Growing up, Kelly and Mike had both been counterculture kids into thrifting and vintage (“I was obsessed with Space Age Modern,” Kelly says). In adulthood, their collecting gateway was the estate sale-find of a 1966 Pierre Paulin Ribbon Chair, about 10 years ago. “The pool became an ocean,” Mike says. Mike, a research-driven asset manager by training, dove into the history and throughlines—how furniture design connects to architecture, design, fashion, art and informs our cultural narrative. He thinks of collectible design as others think about wine or cars. “It becomes this cultural diaspora,” he says. Kelly was drawn to the thrill of the hunt and the beauty of the furnishings. 

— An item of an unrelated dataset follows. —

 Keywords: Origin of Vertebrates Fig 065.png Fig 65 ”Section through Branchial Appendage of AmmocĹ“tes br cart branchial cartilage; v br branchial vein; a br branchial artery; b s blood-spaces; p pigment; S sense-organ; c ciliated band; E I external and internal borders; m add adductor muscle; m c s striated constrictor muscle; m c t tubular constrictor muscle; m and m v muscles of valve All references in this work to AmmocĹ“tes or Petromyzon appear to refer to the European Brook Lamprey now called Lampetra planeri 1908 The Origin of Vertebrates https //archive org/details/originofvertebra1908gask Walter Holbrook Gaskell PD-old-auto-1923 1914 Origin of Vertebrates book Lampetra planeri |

Around 2016, the couple started flipping houses. With every new home, they’d skip the neutral, turn-key palette developers hope will appeal to the masses. “We always furnished and styled the home in the manner the home demanded,” Kelly says. A 6,000-square-foot Midwestern manse with Old English vibes might get wall-to-wall houndstooth wallpaper and Mastercraft brass vitrines. Instead of displaying fine china, they filled the cabinets with funky Memphis Milano ceramics. 

Mahigels home
The Mahigels constantly rotate objects from their 200-plus-piece collection between their home and showroom. Floral Alessandro Becchi Le Bugie chairs may sit next to pastel-hued Memphis Era cabinet. In the gallery, the couple hosts topical exhibits, like Gaetano’s Garden, running through early May. (Photo by Dan Cutrona)

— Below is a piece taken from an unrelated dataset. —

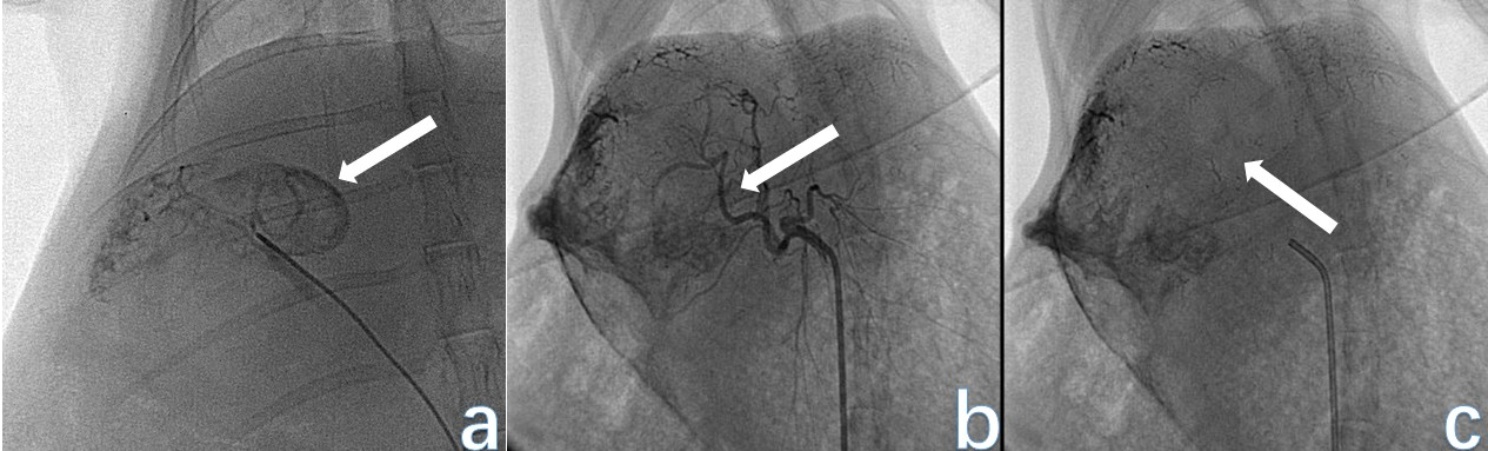 (a) 为TAE术中肿瘤供血肝动脉分支较多且走行紊乱,血管推移呈“抱球征”;(b) 为TAE术后复查造影,显示肿瘤供血动脉血流中断,血管闭塞;(c) 为TAE术后平片,见肿瘤区有碘油沉积。

While Mike is the walking design encyclopedia, Kelly is the aesthete and offers design services and consults for people who want to branch out. “We want to show people that these pieces can work in any space,” Kelly says. 

The couple owns their entire reserve outright. “If we’re not willing to own it, why would we sell it?” Mike posits. Furnishings move between their Design District gallery, Downtown Naples home, and a series of 10-by-20-foot storage units scattered across Southwest Florida at higher, hurricane-weary ground. Less-precious pieces that can take a beating from their 3- and 5-year-olds go to their North Naples apartment. 

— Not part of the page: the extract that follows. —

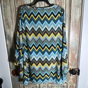 Lady Noiz Large Swing Style Dress Boho Groovy Vibes Chevron

Despite its 2,500-square-foot size and lakefront locale, the Mahigels’ Downtown Naples home isn’t exactly a beaute by modern-day standards—and they’ll be the first to tell you that. One of those dated, 2000s Tuscan builds, the house still has its dark trim, raised-panel cabinets and a wealth of arches. But, it looks charming and inspired against the bombastic furnishings, like the pair of Memphis Milano cabinets in the living room—one a 2000s reissue, the other an original. Across the room, there’s a museum-worthy Ettore Sottsass Tartar Table that’s thought to be a prototype, and in the living room, a pastel-hued Alessandro Mendini cabinet. Afghan prayer rugs underfoot somehow tie it all together. Kelly likes to quote Leah Ring, of California, experimental design studio Another Human: “Life is way too short for a beige sofa.”